The model outlines four levels that organizations move through as they evolve from experimenting with AI to embedding it into the core of their innovation system. We describe these levels in terms of the primary way AI is used:
- Level 1 - Passive Assistant: AI is a reactive helper, used informally by individuals on innovation-related tasks.
- Level 2 - Structured Partner: AI is embedded in guided workflows, helping standardize how ideas are developed and assessed.
- Level 3 - Proactive Coordinator: AI surfaces patterns, flags issues, and recommends action across teams.
- Level 4 - Autonomous Engine: AI takes the lead within defined guardrails, initiating action and optimizing in real-time.

To bring the model to life, we’ve highlighted a representative use case and the corresponding human role at each level of the curve. This helps clarify how organizations actually behave at each stage, and how the role of people shifts as AI becomes more engrained. Even at the most advanced level, human oversight remains essential, though its nature evolves.

A Scorecard for Making Progress
Most organizations don’t live at just one level of maturity; they straddle them. One team might be experimenting with synthetic research and autonomous test cycles, while another is copy-pasting ChatGPT prompts into Word docs.
To help leaders evaluate where they stand and what next steps might make sense, we’ve developed the Innovation Intelligence Scorecard. Its eight dimensions encompass both foundational infrastructure for innovation and the integration of AI tools and workflows.
This scorecard is designed to help your organization assess its current state across eight critical dimensions of innovation maturity. It reflects both foundational practices (strategy alignment, governance, culture) and how AI is being integrated to enhance them. We use it as a diagnostic with leadership teams, a tool to guide innovation planning, or as a benchmark to track progress over time.

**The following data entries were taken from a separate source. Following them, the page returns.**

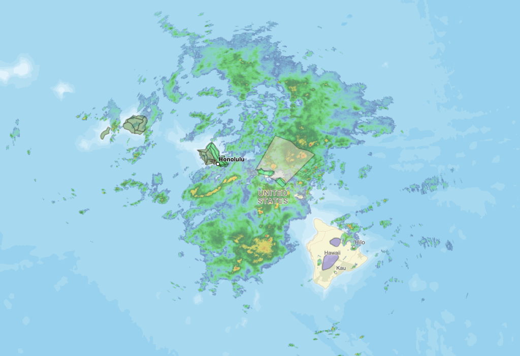 At 5:38 p.m., radar showed heavy rain over northeast Molokaʻi with rain rates of 1 to 3 inches per hour. Hālawa stream is showing a sharp rise and some flooding impacts are expected along windward Molokaʻi.
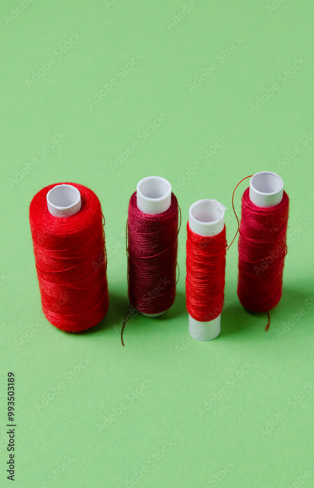Top view of red thread spools on green background
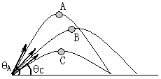 以相同的初速率,不同的抛射角同时抛出三个小球,A、B、C三球在空中的运动轨迹如图所示,下列几句话是正确的是
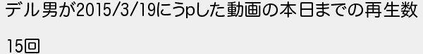 469: [sage] 2017/10/19(木) 02:17:24.95 ID:19bn5hFT デル男が2015/3/19にうpした動画の本日までの再生数 15回 http://mao.5ch.net/test/read.cgi/linux/1414908708/469
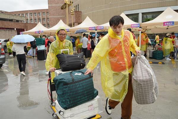 虽然天空下起了小雨,但雨水丝毫无法冲刷同学们的热情。兴奋,激动,却也少不了紧张,但更多的还是憧憬。他们的大学生活,以脚下这块土地为起点,开始!
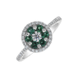 Immerse yourself in the pure brilliance of this 18ct white gold diamond and emerald ring, perfect proof that true elegance lies in seemingly simple details. The jewelry is part of the Mirage collection.
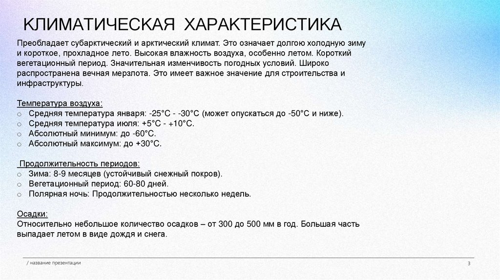 o Зима: 8-9 месяцев (устойчивый снежный покров).
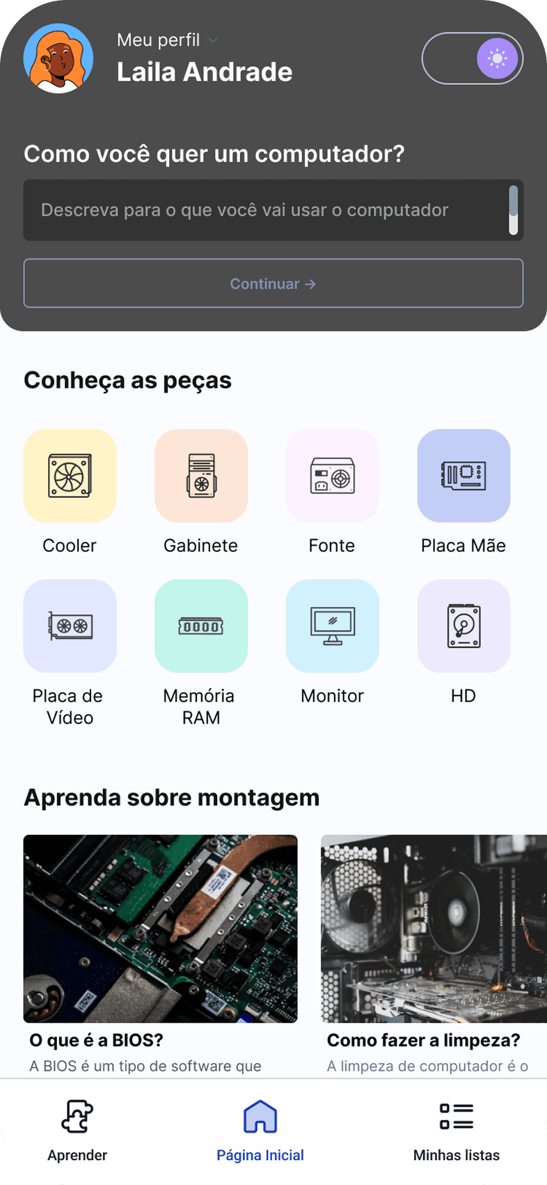 O Monta PC Fácil App - é focado em pessoas com baixo conhecimento na compra, escolha ou montagem de computadores de alta performance no Brasil. Atuei como UX e UI Designer para provar o real problema, e explorar alternativas de testes de usabilidade e análises de UX para projetar a melhor experiência no momento.
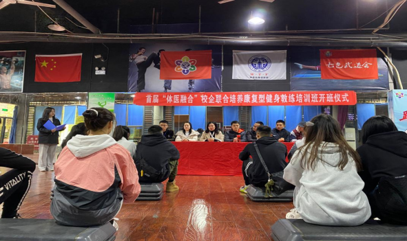 2021年3月21日下午,第一届“体医融合”校企联合培养康复型健身教练培训班于南湖健身中心举行开班仪式。康复系副主任谭惠、辅导员刘斯吉,南湖健身中心何朦曦、雷玺 、余宏伟、蒲丽娟老师及“运动康复”方向班的32名同学参加仪式,“运动康复”方向班能顺利开班,得到了学校领导的高度重视,获得了南湖健身中心的大力支持。
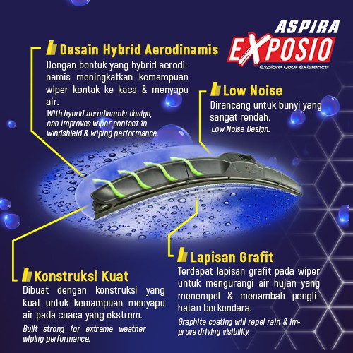 Wiper Blade Hybrid Graphite ASPIRA EXPOSIO Avanza, Rush, Vios, Fortuner, Ertiga ukuran 21" (AE-WBHG21H)
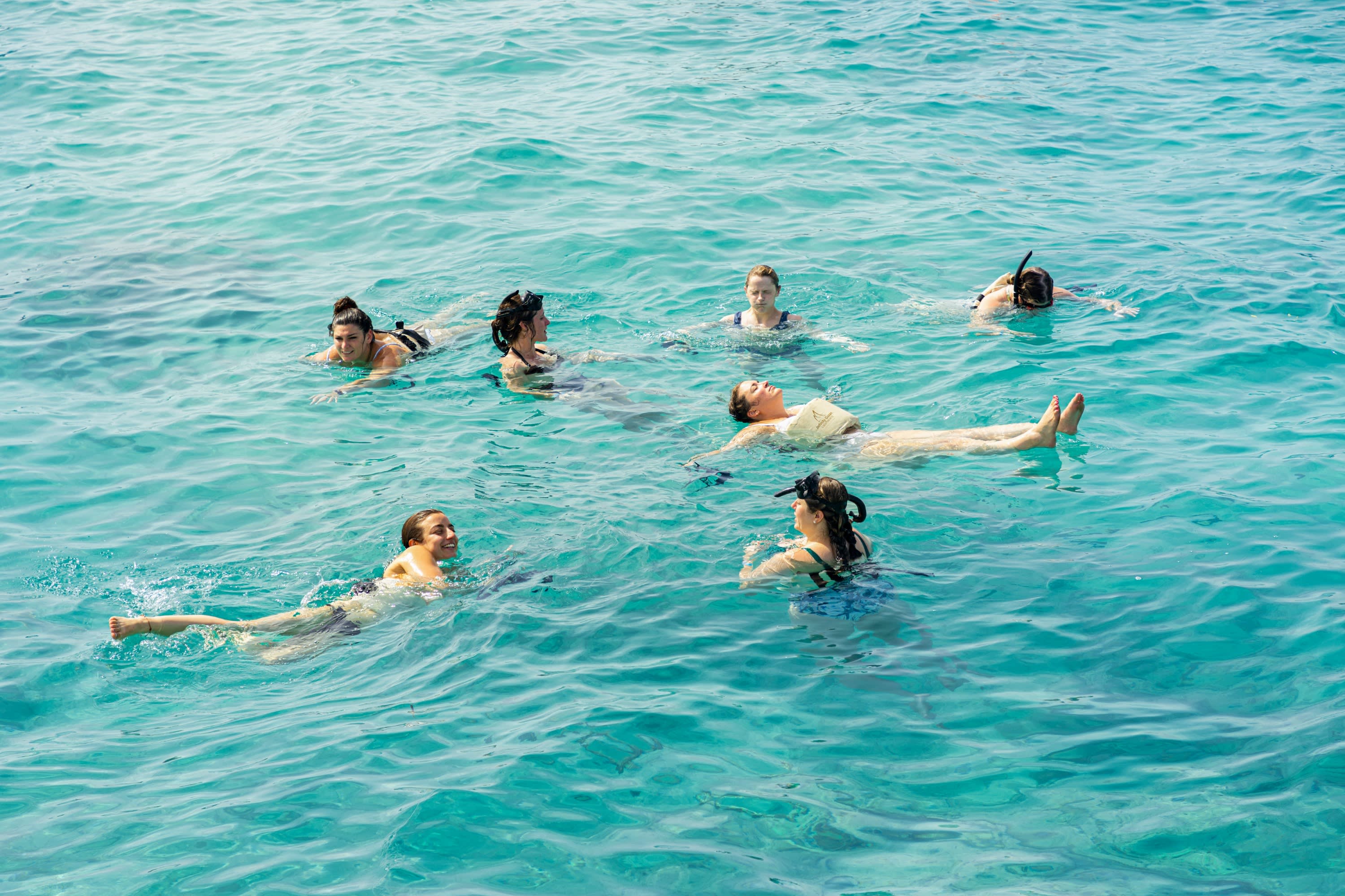 스노클링 세션 후 승무원은 재미를 더하고 수정처럼 맑은 물이 허리 높이까지 오는 숨막힐 듯 아름다운 자연 해상 모래톱으로 이동합니다. 여기에서 휴식을 취하고, 수영하고, 활기찬 음악에 맞춰 춤을 추며, 햇볕을 쬐세요.
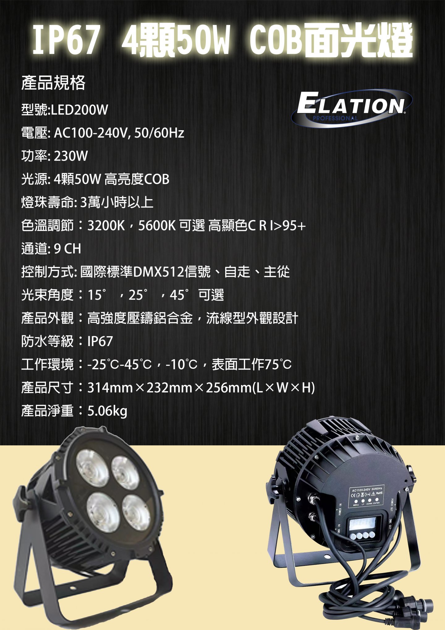 IP67 4顆50W COB面光燈

What Progression Looks Like
So how does a company advance along the journey towards AI-powered innovation? It begins with clarity on desired outcomes: usually some combination of driving new revenues, improving efficiency, or reducing decision times. From there, the focus shifts to training AI systems on relevant internal data, equipping teams with intuitive tools, and setting clear guardrails for decision-making.
As an example, imagine a CPG company beginning in Level 1: a few product managers use ChatGPT to speed up idea generation, tidy up specs, and develop financial models. It’s helpful, but informal and fragmented.
As interest builds, leaders see the signal and invest in a structured tool that embeds AI into the early-stage idea funnel. They also set light-touch governance around how the tool is used and evaluated. That shift, from individual tinkering to shared workflows, moves them into Level 2.
From there, teams begin systematically tracking which concepts advance and why. They align the tool with internal data sources like sales performance and consumer feedback. They create feedback loops to learn from what works. Patterns emerge. Now AI is not just helping teams move faster, it’s helping them make better decisions. That’s Level 3.
Eventually, the company defines guardrails that allow AI to take the lead in certain low-risk decisions, such as testing packaging claims or triggering concept validation runs. As the team builds confidence, elements of Level 4 – the autonomous innovation engine - emerge.
You don’t need a moonshot to get started; but you do need a system. The real power of AI comes when it’s built into the workflows, data infrastructure, and decision-making guardrails that shape how innovation actually happens.
The future will belong to companies that move beyond scattered experiments and start building real organizational capability.